* **Action item**
Each line from the one that includes "The 16×16 inch" to the last line of the data below should be set down exactly; no other lines are wanted.

(Excerpts from a dataset)

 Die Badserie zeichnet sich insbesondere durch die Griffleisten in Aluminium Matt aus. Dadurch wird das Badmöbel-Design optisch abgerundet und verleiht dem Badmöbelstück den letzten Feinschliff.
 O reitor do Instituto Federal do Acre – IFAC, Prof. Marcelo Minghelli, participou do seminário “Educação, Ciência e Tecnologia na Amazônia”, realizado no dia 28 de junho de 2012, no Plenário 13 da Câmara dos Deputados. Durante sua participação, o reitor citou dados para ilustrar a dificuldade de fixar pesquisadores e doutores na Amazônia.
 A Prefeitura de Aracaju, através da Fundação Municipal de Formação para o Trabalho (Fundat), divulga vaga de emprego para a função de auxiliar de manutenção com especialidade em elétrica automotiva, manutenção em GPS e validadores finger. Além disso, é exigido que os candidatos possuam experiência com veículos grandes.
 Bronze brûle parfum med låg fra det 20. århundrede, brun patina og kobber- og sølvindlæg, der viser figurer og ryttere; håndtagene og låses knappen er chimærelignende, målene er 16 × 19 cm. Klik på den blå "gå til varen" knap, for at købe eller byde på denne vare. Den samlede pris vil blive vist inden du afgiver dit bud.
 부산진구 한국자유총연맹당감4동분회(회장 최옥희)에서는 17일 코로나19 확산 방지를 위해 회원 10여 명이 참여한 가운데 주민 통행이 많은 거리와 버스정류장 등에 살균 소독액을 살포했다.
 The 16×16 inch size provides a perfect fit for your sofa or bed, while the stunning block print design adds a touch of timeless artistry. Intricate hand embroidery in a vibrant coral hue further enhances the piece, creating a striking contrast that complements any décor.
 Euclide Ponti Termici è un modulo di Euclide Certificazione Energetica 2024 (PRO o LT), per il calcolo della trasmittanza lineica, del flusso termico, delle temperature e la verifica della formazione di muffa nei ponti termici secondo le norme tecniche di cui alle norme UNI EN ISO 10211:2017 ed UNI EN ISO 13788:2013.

* **Answer to the exercise**
 The 16×16 inch size provides a perfect fit for your sofa or bed, while the stunning block print design adds a touch of timeless artistry. Intricate hand embroidery in a vibrant coral hue further enhances the piece, creating a striking contrast that complements any décor.
 Euclide Ponti Termici è un modulo di Euclide Certificazione Energetica 2024 (PRO o LT), per il calcolo della trasmittanza lineica, del flusso termico, delle temperature e la verifica della formazione di muffa nei ponti termici secondo le norme tecniche di cui alle norme UNI EN ISO 10211:2017 ed UNI EN ISO 13788:2013.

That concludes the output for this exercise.